CROSS-REFERENCE TO RELATED APPLICATIONThis application is a divisional application of U.S. application Ser. No. 12/725,225, filed on Mar. 16, 2010, the disclosure of which is incorporated by reference herein in its entirety.
FIELD OF THE INVENTIONThe present invention relates generally to antennas and more specifically to a multi polarization conformal channel monopole antenna.
BACKGROUNDAn antenna is a transducer, which transmits or receives electromagnetic waves. Antennas include one or more elements, which are conductors that radiate the electromagnetic waves (radiators). When transmitting, an alternating current is created in the element(s) by application of a voltage at the terminals of the antenna, which causes the element(s) to radiate an electromagnetic field. When receiving, an electromagnetic field from a remote source induces an alternating current in the elements generating a corresponding voltage at the terminals of the antenna.
The orientation of the electric field of the radio wave with respect to the Earth's surface is called the polarization of an antenna. Polarization of an antenna is typically determined by the physical structure and orientation of the antenna. For example, a straight wire antenna may have one polarization when mounted vertically, and a different polarization when mounted horizontally. In other words, polarization is the sum of the E-plane orientations over time projected onto an imaginary plane perpendicular to the direction of motion of the radio wave. In some cases, polarization may be elliptical (the projection is oblong), meaning that the antenna varies over time in the polarization of the radio waves it is emitting. In other cases, polarization may be linear (the ellipse collapses into a line), or circular (in which the ellipse varies maximally). In linear polarization the antenna compels the electric field of the emitted radio wave to a particular orientation, such as horizontal and vertical polarization. Alternatively, polarization may be circular, in which the antenna continuously varies the electric field of the radio wave through all possible values of its orientation with regard to the Earth's surface.
In practice, it is important that linearly polarized antennas be matched to substantially reduce the received signal strength requirement. Accordingly, a horizontal polarization works best with a substantially horizontal polarization antenna and vertical polarization antenna works best with a substantially vertical polarization antenna. Intermediate matchings will lose some signal strength, but not as much as a complete mismatch.

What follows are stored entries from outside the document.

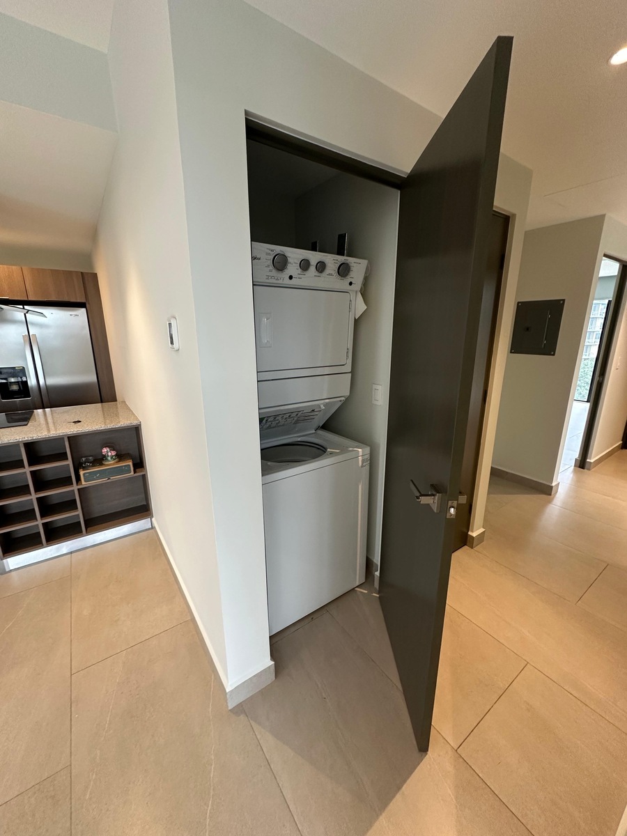 El departamento se entrega completamente equipado, con cocina integral, microondas, refrigerador, centro de lavado (lavadora y secadora) ademas con aparato de clima central seccionado por area.
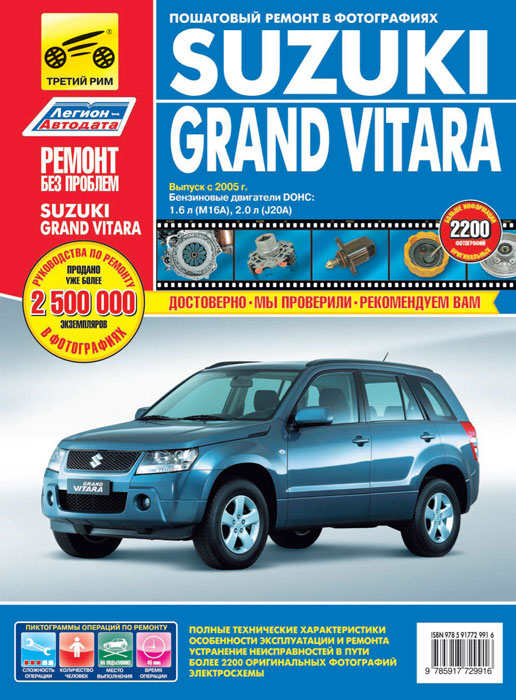 | Полное название книги | А. В. Кондратьев, А. А. Яцук Suzuki Grand Vitara c 2005 г. Руководство по эксплуатации, техническому обслуживанию и ремонту |
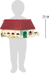 Ez a fa tanya úgy lett megtervezve, hogy támogassa a gyerekek fantáziáját. Az olyan részletekkel, mint a nyitható tetők és a tolóajtók, a gyerekek különféle tanyasi jeleneteket játszhatnak el.
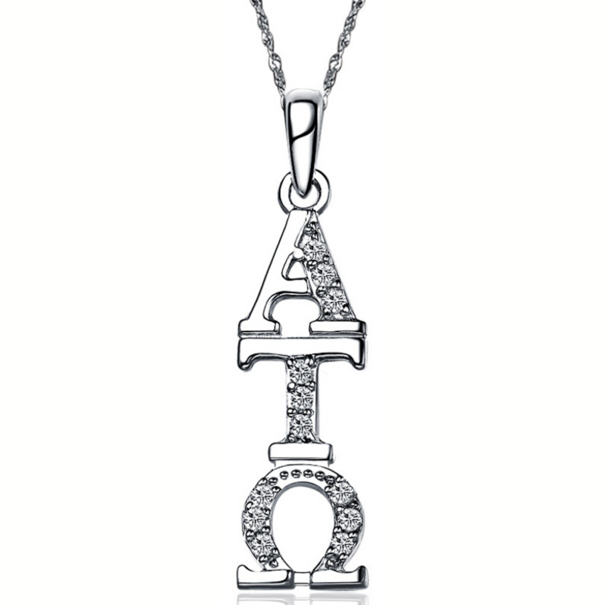 Made out of sterling silver & lab created diamonds. It’s designed and created exclusively by our company, each letter is approximately 1/4″ tall and includes a chain loop, Silver Chain sold separately.
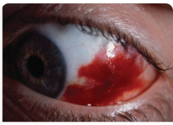 一方、前房出血とは、黒目(角膜)と虹彩のあいだの空間に血液がたまる状態です。軽い場合は、血液がわずかに混じる程度で、注意深く経過を見ることで自然に改善することが多いです。ただし、再出血や眼圧上昇といった合併症が起こることがあるため、結膜下出血よりも慎重な管理が必要になります。このほか網膜の黄斑部に浮腫を伴う場合もあります。
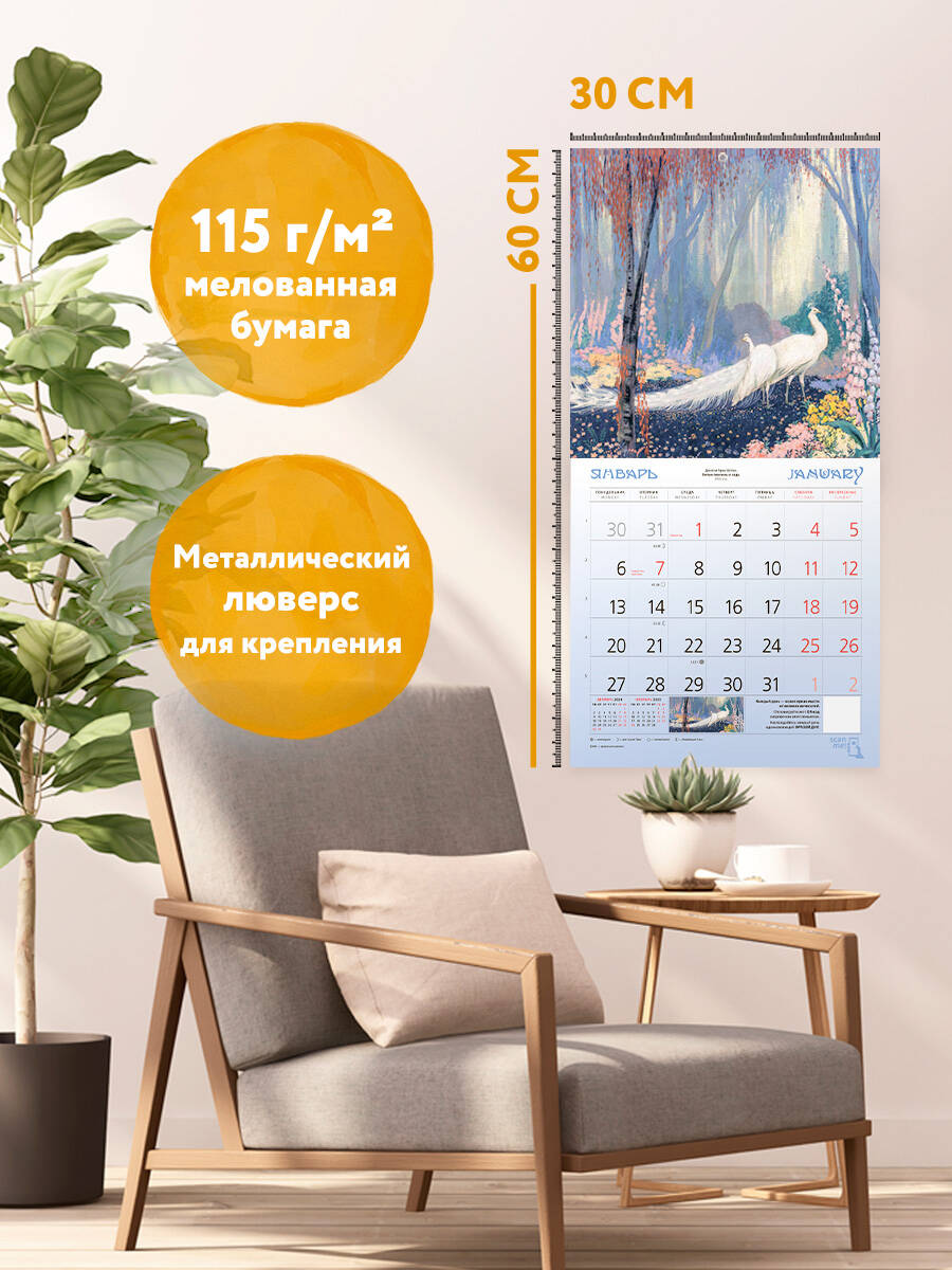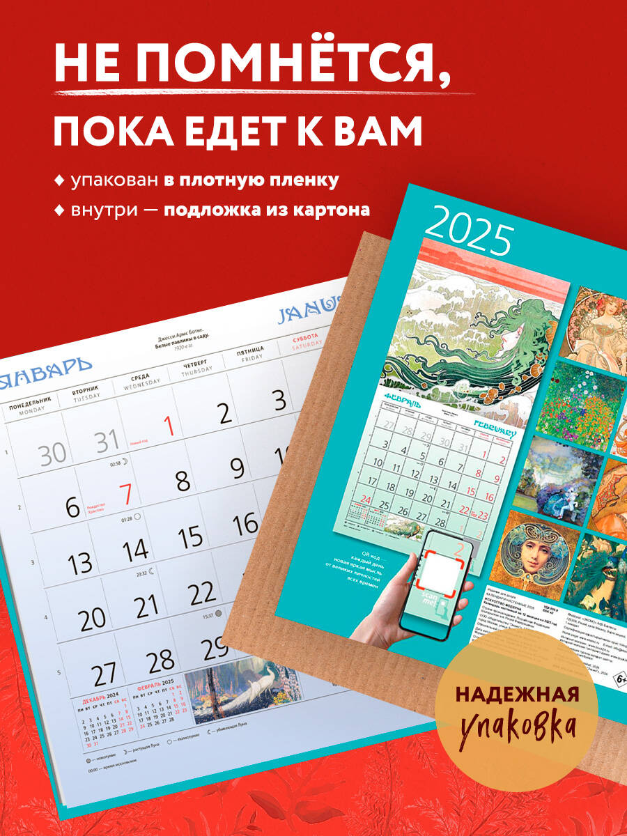 О календаре: В этом настенном перекидном календаре на 2025 год представлены картины художников самого изысканного времени в истории человечества - Прекрасной эпохи. Эстетика арт-нуво - волнующая, эстетичная, модерная. Belle Epoque - это сценарий жизни, в котором мечта о красоте окружающего мира получает вещественное воплощение в каждой, даже самой незначительной вещи. Календарь достойно украсит интерьер вашего дома или рабочего места. А календарный блок напомнит о важных событиях года. В центре календаря помещен большой арт-постер, который может стать отдельным декоративным украшением интерьера. О серии: Наши настенные календари отличаются высоким качеством исполнения! Тщательно подобранные иллюстрации, напечатанные на глянцевой бумаге высочайшего качества, станут настоящим украшением дома, а в календарной сетке найдется место для ваших планов: большие клетки позволят делать записи и организовать свой год! В календаре также отмечены все государственные праздники. В серии настенных календарей издательства «ЭКСМО» каждый найдет тему по вкусу: великие художники, великолепные подборки с самыми знаменитыми произведениями искусства, легендарные кинематографические саги и игры, главные книжные авторы и бестселлеры, фотографии и иллюстрации любимых животных и многое-многое другое! Для кого: Высокое качество полиграфического исполнения прекрасно дополняет репродукции шедевров живописи, что непременно будет по достоинству оценено людьми с хорошим вкусом. Технические параметры: Тип календаря - настенный перекидной Год - 2025 Календарная сетка - с разбивкой по месяцам Вид скрепления - скрепка Ширина - 30 см Высота - 30 см Внутренний блок - мелованная бумага 130 г/м2 Подложка - плотный гофрокартон для поддержания формы Индивидуальная упаковка в плотный целлофановый пакет.
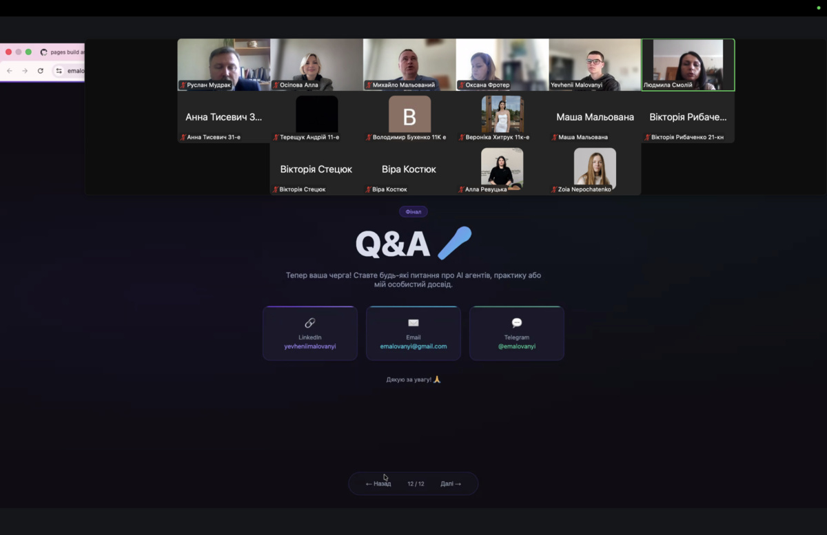 Практична спрямованість лекції дозволила учасникам глибше усвідомити реальні можливості застосування технологій штучного інтелекту в майбутній професійній діяльності та розширити розуміння того, як сучасні компанії інтегрують інтелектуальні рішення у свої бізнес-процеси.
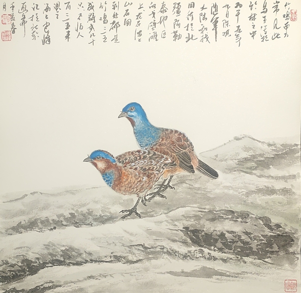 夏建峰從1984年進大學學習花鳥畫至今,在花鳥畫創作領域已經有38個春秋了。幾十年來,他善于學習、勤于筆耕,師從海上多位名家,從傳統繪畫中汲取藝術精華。他以自己的審美視角,用心營造的花鳥畫世界,讓人感受到創作花鳥畫藝術上的獨特表現手法,讓觀眾感受到畫作的靈動與厚重、灑脫與抽象,給人以一種爛漫的藝術享受。更重要的是,他堅持不懈地走向名山大川,在風餐露宿、往復奔波中觀察自然、研究自然,師法自然,由與內心體悟交融升華,創作出一幅幅精彩作品。
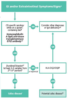 - Paul, S. P., Hoghton, M., & Sandhu, B. (2017). Limited role of HLA DQ2/8 genotyping in diagnosing coeliac disease. Scott Med J, 62(1), 25-27. https://doi.org/10.1177/0036933016689008
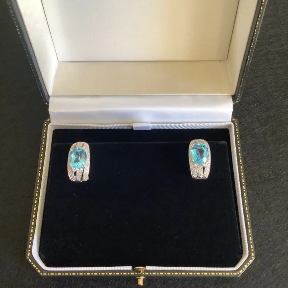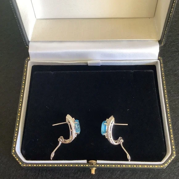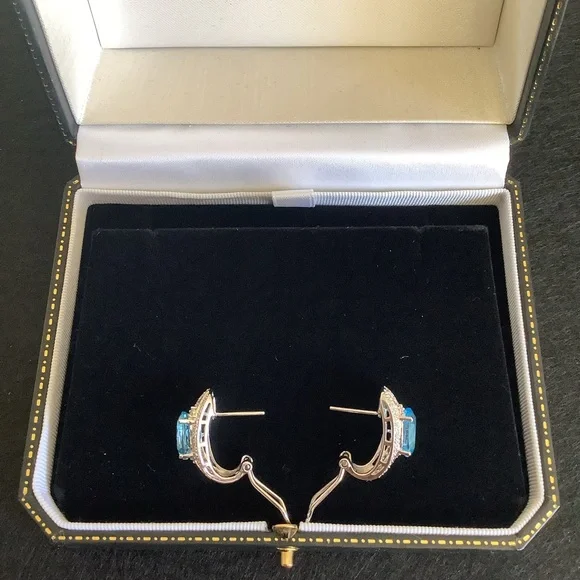 NEW 10KT white gold natural blue topaz and diamond earrings.
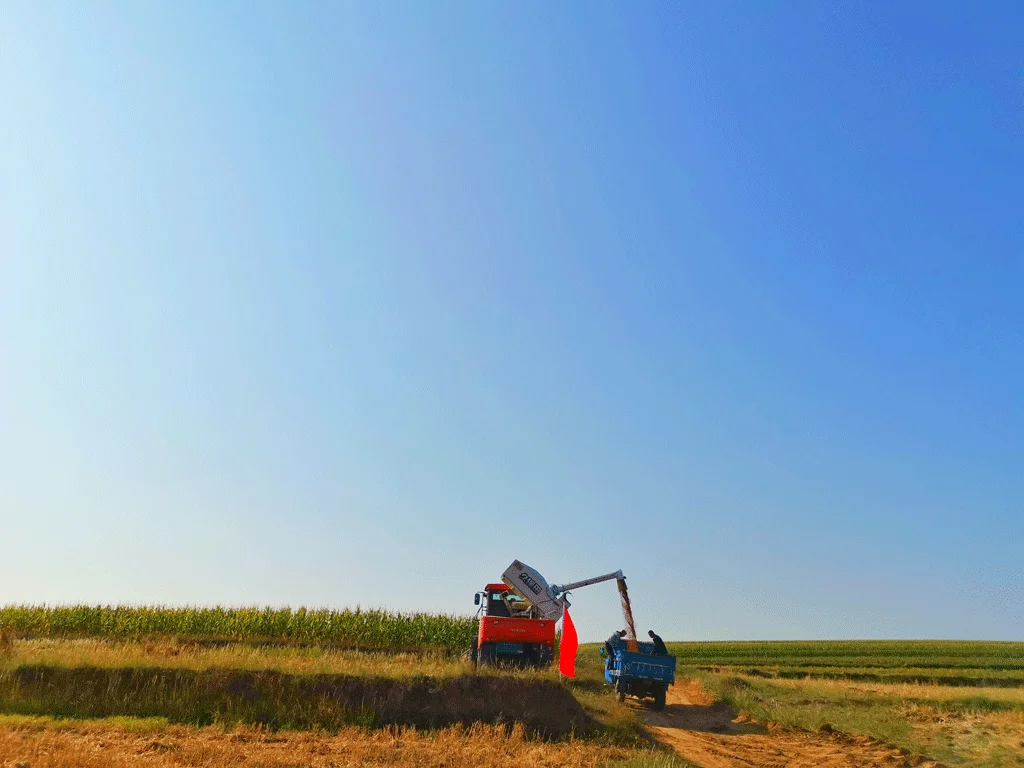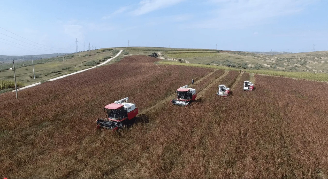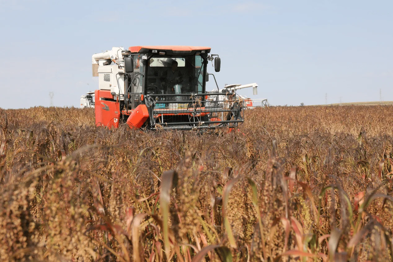 幾臺收割機(ji)(ji)在田(tian)間地頭(tou)轟隆作(zuo)響,場面(mian)讓人震撼,收割機(ji)(ji)手(shou)們靈活(huo)地操(cao)控(kong)著機(ji)(ji)器,在紅(hong)彤彤的黍子(zi)和金燦(can)燦(can)的谷子(zi)映襯下,形成(cheng)了一幅和諧美好的畫面(mian)。

Furthermore, because the electro-magnetic wave travels through different parts of the antenna system (radio, feed line, antenna, free space, etc.), it may encounter differences in impedance. At each interface, depending on how well the impedance is matched, some portion of the wave's energy reflects back to the source of the wave, forming a standing wave in the feed line. Impedance matching deals with minimizing impedance differences at each interface to reduce ratio of maximum power to minimum power, that is, the standing wave ratio (SWR), and to maximize power transfer through each part of the antenna system.
Complex impedance of an antenna is related to the electrical length of the antenna at the wavelength in use. The impedance of an antenna can be matched to the feed line and radio by adjusting the impedance of the feed line, for example, by adjusting the length and width of the feed line.
Many antenna applications require broadband, dual polarized antenna elements to transmit and/or receive a diverse number of polarizations and hence the receiver antenna must be able to handle multiple polarizations. Moreover, sometimes the sensor location does not easily lend itself to providing a particular polarization, like an element that is located60 degrees off center on a cylinder yet needs to be able to transmit and/or receive a horizontally polarized signal. Furthermore, many antenna applications do not have much depth requiring conformal mounting and collocation of the orthogonally polarized antennas.
Prior attempts to solve the above mentioned problems include a quad-notch in a cavity. The quad-notch in a cavity offers two orthogonal polarizations that is broadband (˜9:1) and high gain. However, the cavity and antenna require a large amount of space (approximately 12×12×3 inched deep for a 2-18 GHz antenna), which is too large for some applications. A conventional conformal channel monopole provides a thin (approximately 2×1×0.025 for a 2-18 GHz antenna), conformal antenna that is also broadband (˜9:1). However, it only provides one polarization at any given location. On the other hand, antennas with ultra-wide bandwidth have usually been too large to consider for many applications, such as antenna arrays.
SUMMARY OF THE INVENTIONIn some embodiments, the present invention provides a polarization diverse antenna within the physical volume of a standard conformal channel monopole (for example, ˜0.25 of depth for a 2-18 GHz antenna). The invention allows for an antenna in which one can obtain two orthogonal polarizations simultaneously or even more than two polarizations simultaneously if desired. This makes the invention suitable for any application or platform that requires the small size and moderate gain that a conformal channel monopole supplies.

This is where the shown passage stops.